Re-Frame Toledo


North Coast Design Competition
Awarded First Prize, May 2014



Re-Frame Toledo is a proposal to reimagine how a deindustrialized cityscape can become a highly active and engaging series of public spaces, mixed-use neighborhoods, and nature reserves that help benefit the local ecology. The magnitude in which dredge material is collected in Toledo can be seen as an enormous asset to the city. By incorporating phytoremediation into the dredging cycle and restoring a riparian zone, natural systems continuously clean water while restoring native habitats. Formely the product of a manufacturing and infrastructural landscape, the riverfront can be reassembled with dredge material to delineate relevant urban and landscape contect with the Maumee River. 

Overview site plan of project scope


Center for Dredge Research

Years of industrial pollution and phosphorus contamination from fertilizers have rendered a polluted Lake Erie.
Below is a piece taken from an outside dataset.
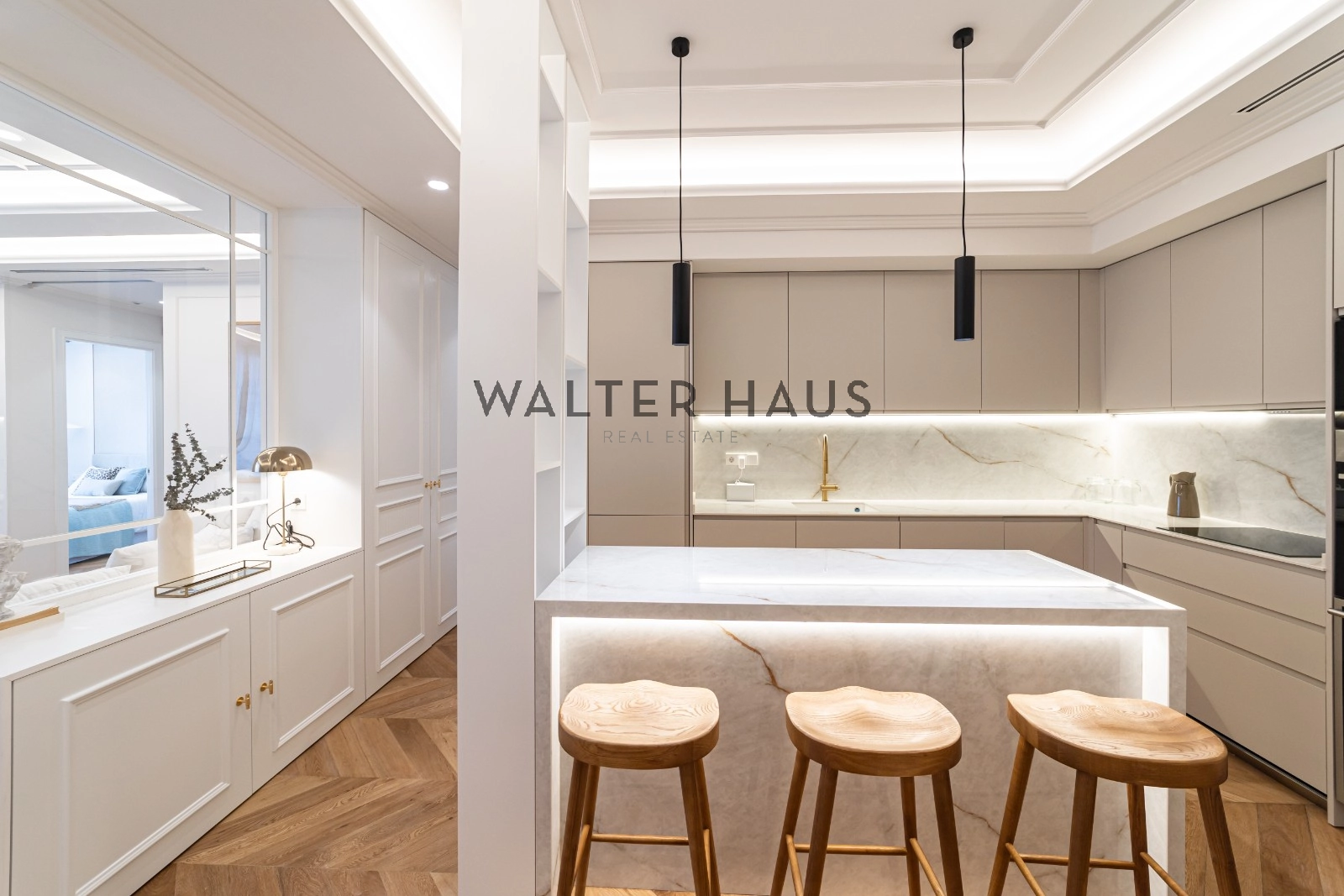 El interior de la propiedad ha sido objeto de una reforma integral, donde cada detalle ha sido cuidadosamente considerado para ofrecer un ambiente de sofisticación y confort. Se entrega completamente amueblada y equipada con mobiliario de diseño actual y acabados de alta calidad. El salón se integra fluidamente con una luminosa terraza con orientación oeste, un espacio perfecto para el relax y el entretenimiento. La cocina está equipada con electrodomésticos de última generación, y la vivienda incluye un práctico trastero, maximizando la funcionalidad.

Coupled with the fact that large quantities of dredge material must be returned to the lake bed each year, the dredge cycle can be seen as a useful means of water purification. Re-Frame Toledo incoporates a step of phytoremediation into the dredge cycle as an active means of cleaning the local water ecology. A series of dredge cleaning sites are established along the lakefront comprised of planting veds with native hyperaccumulators. The first such site is located at the Great Lakes Center for Dredge Research (above). Once the sediment is cleaned, the dredge material can be used within Toledo to redevelop the riverfront and create a riparian zone.
Zone 1: Renewed Urbanism

Once dominated by infrastructual and industrial landscapes, the vacated riverfront has the potential to embody the public face of a renewed Toledo. Dredge material is incorporated into a series of new articulated topographies that instigate public space and urban ecology. A continuous riverwalk on the north shore links downtown with the Center for Dredge Research in a sequence of public attractions and connections to existing neighborhoods. The south shore is dominated by triangulated boardwalks that initiate views between the Marina District and downtown while encompassing new riparian wetland habitates. Once a large deserted swath of land in the center of Toledo, the Marina District is redeveloped into a lively mixed-use neighborhood with ample public space and access to the riverfront. The adjacent demolished Acme Powerplant’s remaining smokestacks are prominently featured amongst a phytoremediating poplar grove as an intersection between Toledo’s industrial past and sustainable future. Finally, a new access bridge integrated both sides of the river more freely for cyclists and pedestrians. 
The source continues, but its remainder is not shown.